→ Provided material:
■ ■ ■ ■ ■

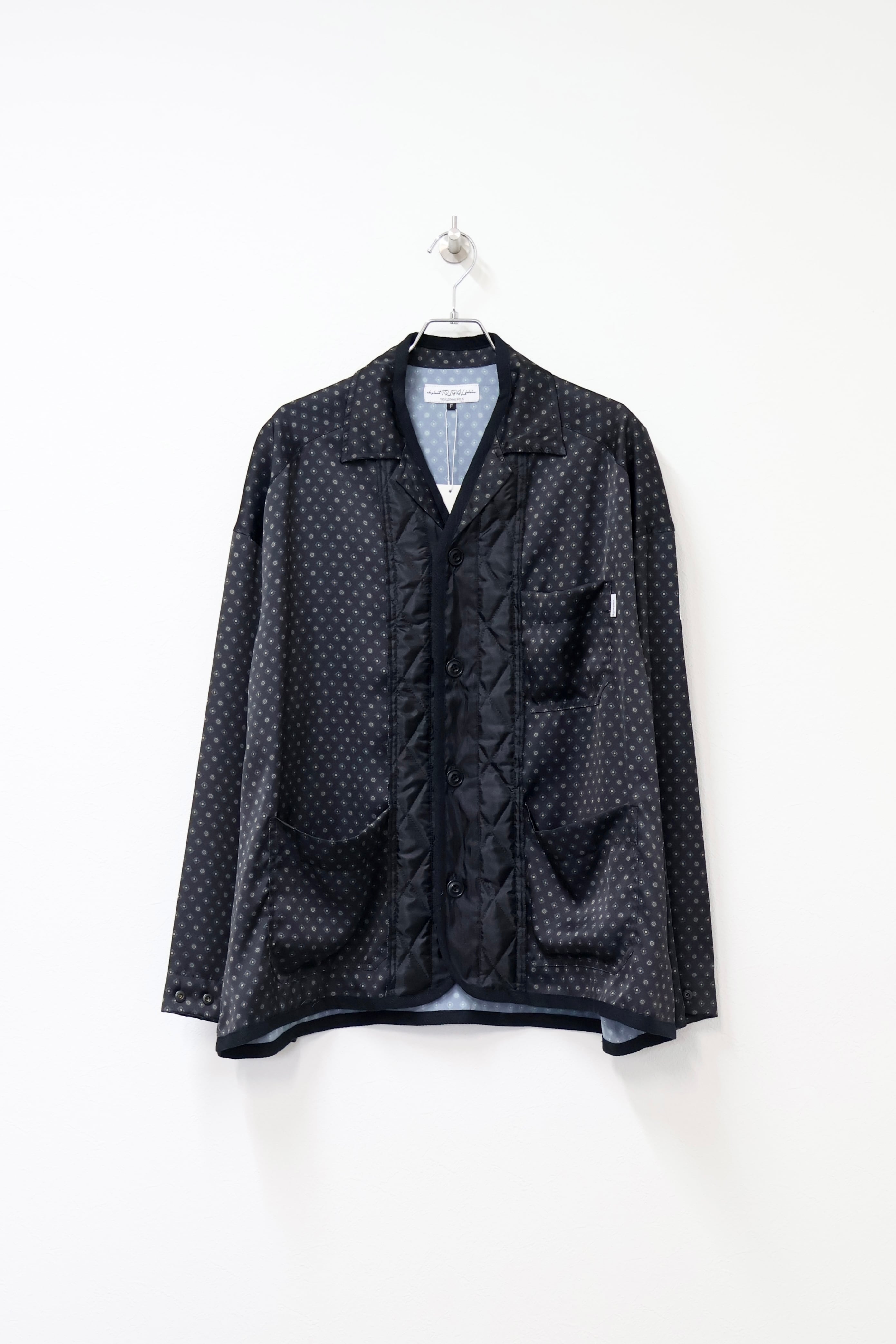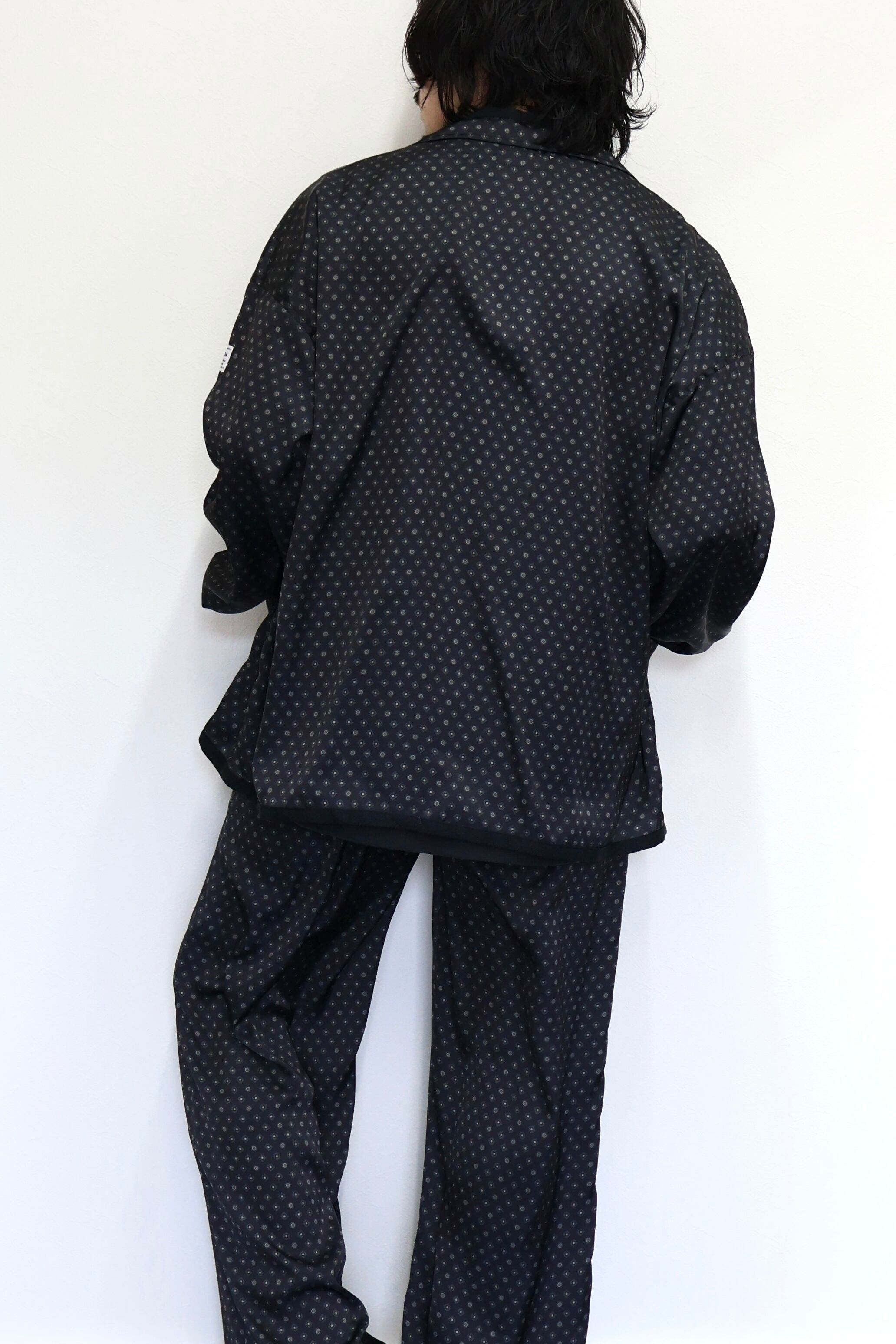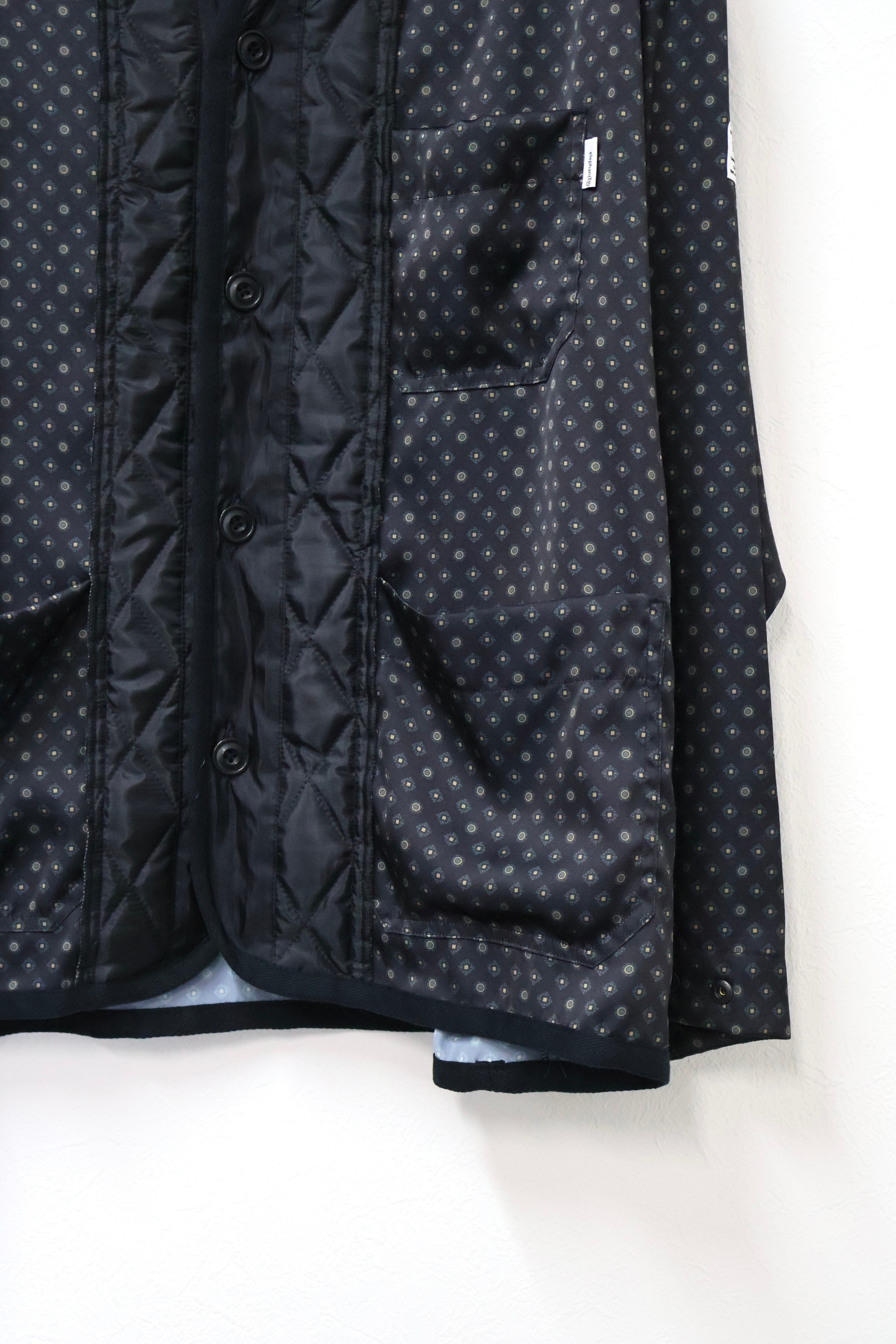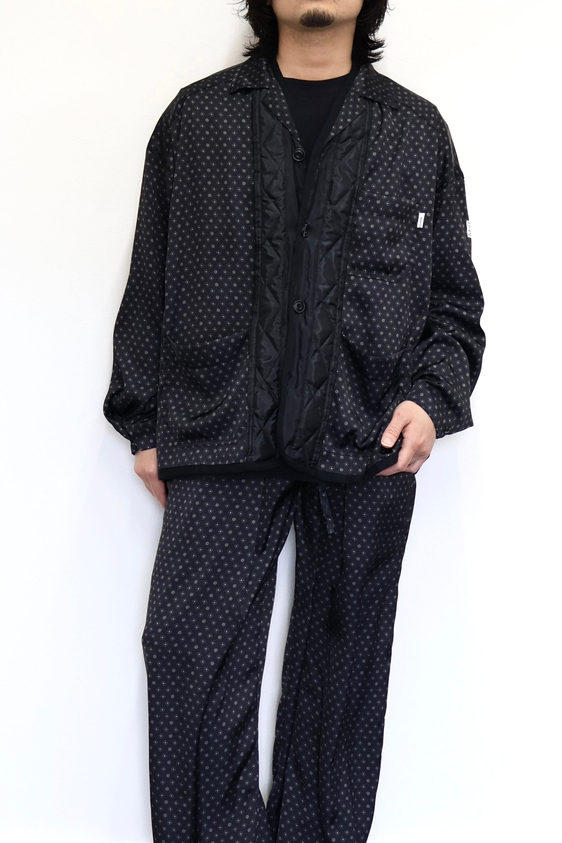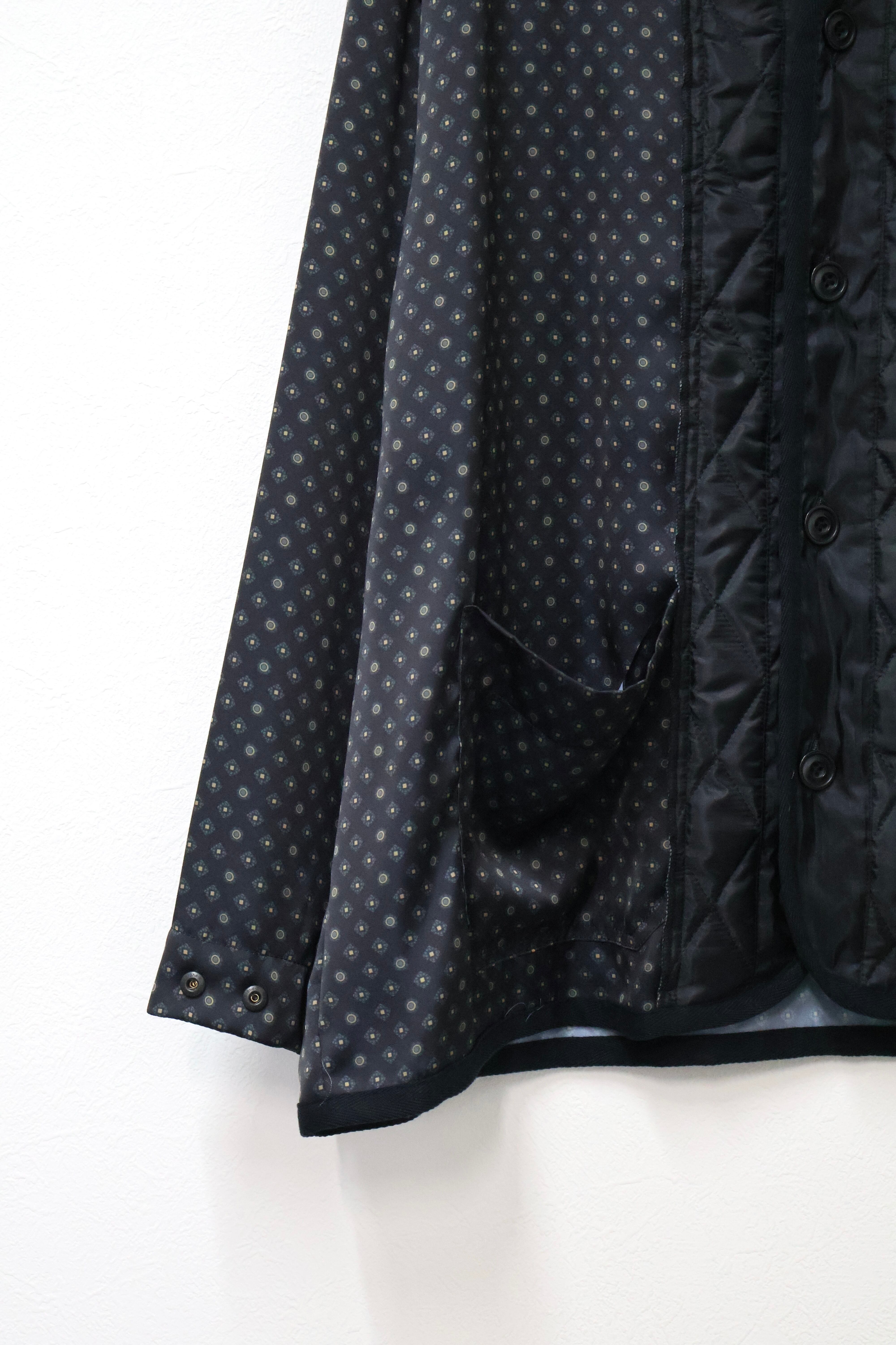 パジャマシャツとキルティングライナーをドッキングしたアイテム。素材には非常に柔らかくドレープ感のあるサテン地に昇華転写プリントを施したオリジナルファブリックを使用。縫製後に襟を折りたたみ、プレス加工を施したのちパイピング縫製を実施。袖口にはスナップボタンを配置しサイズ調整が可能。
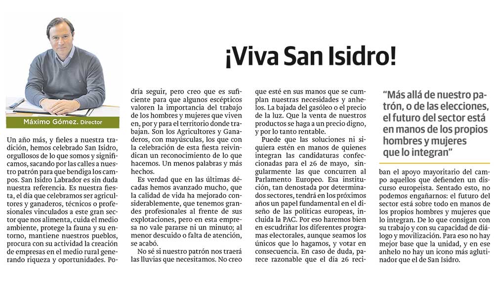 Un año más, y fieles a nuestra tradición, hemos celebrado San Isidro, orgullosos de lo que somos y significamos, sacando por las calles a nuestro patrón para que bendiga los campos. San Isidro Labrador es sin duda nuestra referencia. Es nuestra fiesta, el día que celebramos ser agricultores y ganaderos, técnicos o profesionales vinculados a este gran sector que nos alimenta, cuida el medio ambiente, protege la fauna y su entorno, mantiene nuestros pueblos, procura con su actividad la creación de empresas en el medio rural generando riqueza y oportunidades. Podría seguir, pero creo que es suficiente para que algunos escépticos valoren la importancia del trabajo de los hombres y mujeres que viven en, por y para el territorio donde trabajan.
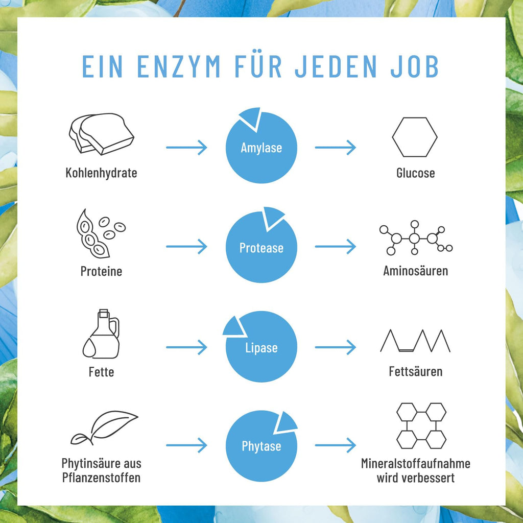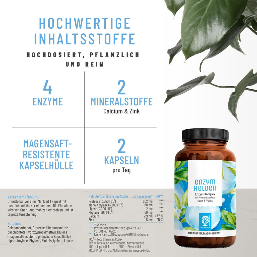 - EFFEKTIVES ENZYM-SPEKTRUM - 4 Verdauungsenzyme in einer Kapsel: Protease, α‑Amylase, Lipase & Phytase ergänzen die körpereigene Enzymvielfalt zur Aufspaltung von Eiweißen, Kohlenhydraten, Fetten und Phytinsäure. Calcium trägt zur normalen Funktion von Verdauungsenzymen bei, Zink unterstützt den normalen Stoffwechsel von Makronährstoffen.
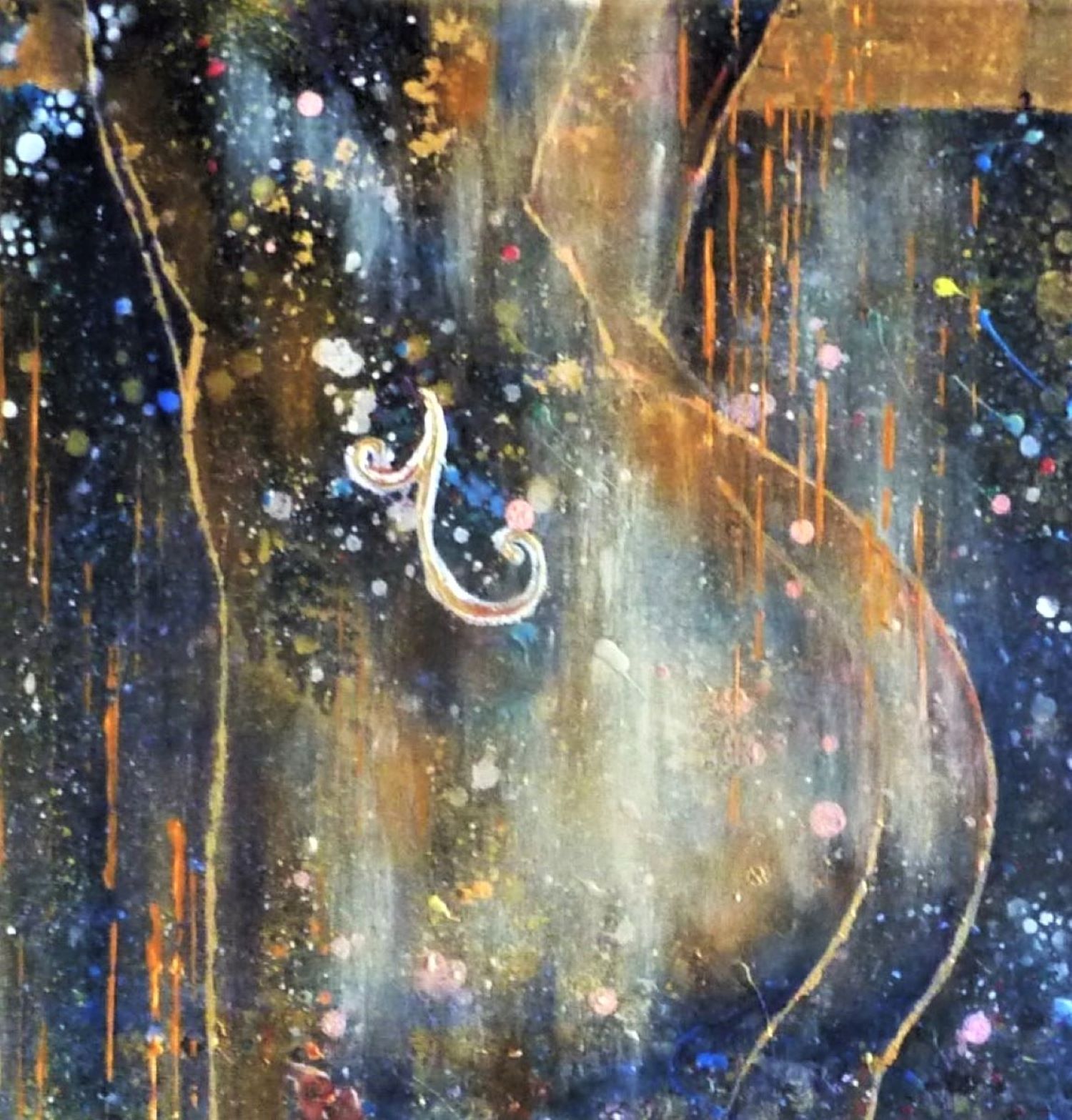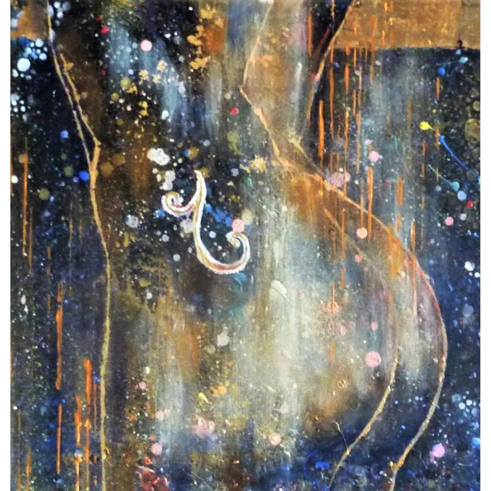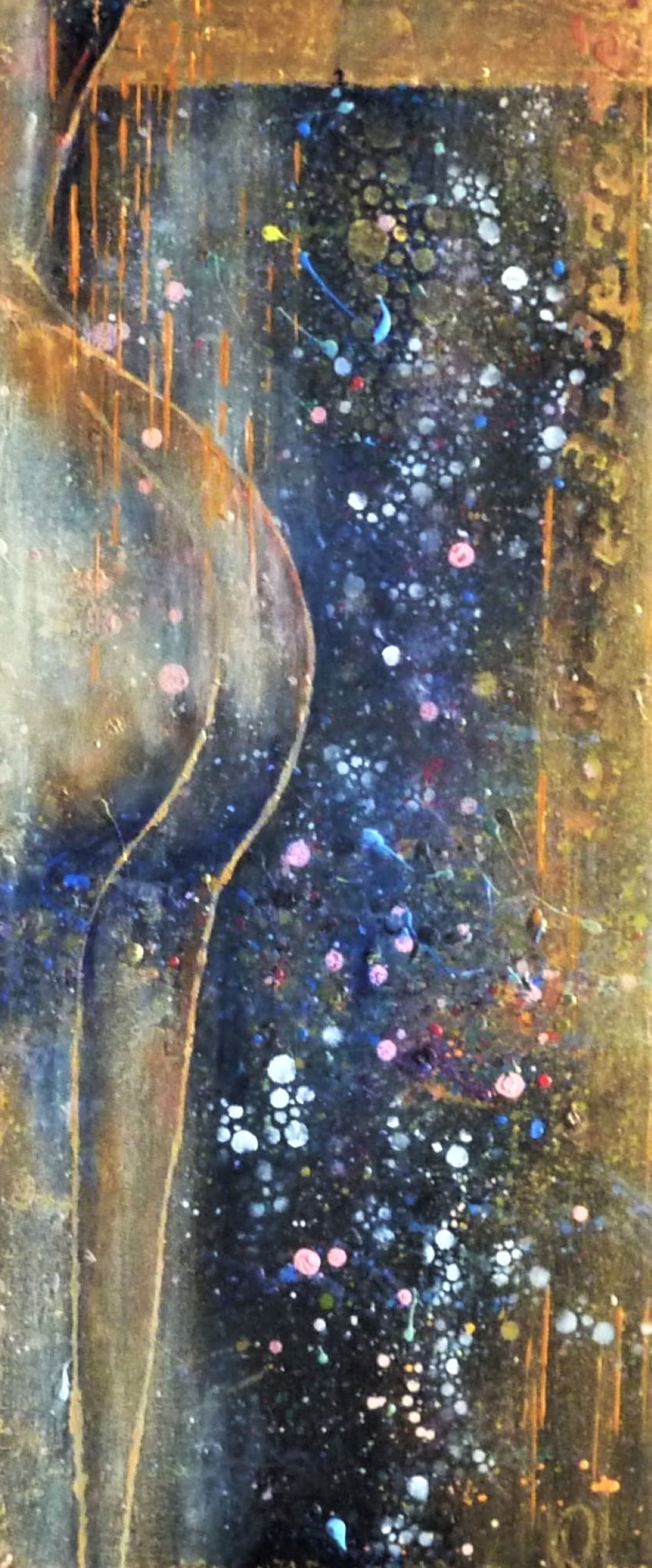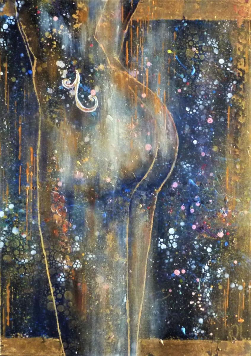 Douceur et sensualité comme sous une douche de paillettes de peinture pour cette belle chute de reins. Acrylique, feuille métallique, tonalités douces rehaussées d'or et de cuivre, finition vernis. Encadré dans un cadre américain en bois blanc, dimensions finales 74x54 cm.

■ ■ ■ ■ ■

→ What you should do: Copy word for word every line from the start of the material through the line holding "- EFFEKTIVES ENZYM-SPEKTRUM". The pictures are not part of the copy.

→ Your response:
 パジャマシャツとキルティングライナーをドッキングしたアイテム。素材には非常に柔らかくドレープ感のあるサテン地に昇華転写プリントを施したオリジナルファブリックを使用。縫製後に襟を折りたたみ、プレス加工を施したのちパイピング縫製を実施。袖口にはスナップボタンを配置しサイズ調整が可能。
 Un año más, y fieles a nuestra tradición, hemos celebrado San Isidro, orgullosos de lo que somos y significamos, sacando por las calles a nuestro patrón para que bendiga los campos. San Isidro Labrador es sin duda nuestra referencia. Es nuestra fiesta, el día que celebramos ser agricultores y ganaderos, técnicos o profesionales vinculados a este gran sector que nos alimenta, cuida el medio ambiente, protege la fauna y su entorno, mantiene nuestros pueblos, procura con su actividad la creación de empresas en el medio rural generando riqueza y oportunidades. Podría seguir, pero creo que es suficiente para que algunos escépticos valoren la importancia del trabajo de los hombres y mujeres que viven en, por y para el territorio donde trabajan.
 - EFFEKTIVES ENZYM-SPEKTRUM - 4 Verdauungsenzyme in einer Kapsel: Protease, α‑Amylase, Lipase & Phytase ergänzen die körpereigene Enzymvielfalt zur Aufspaltung von Eiweißen, Kohlenhydraten, Fetten und Phytinsäure. Calcium trägt zur normalen Funktion von Verdauungsenzymen bei, Zink unterstützt den normalen Stoffwechsel von Makronährstoffen.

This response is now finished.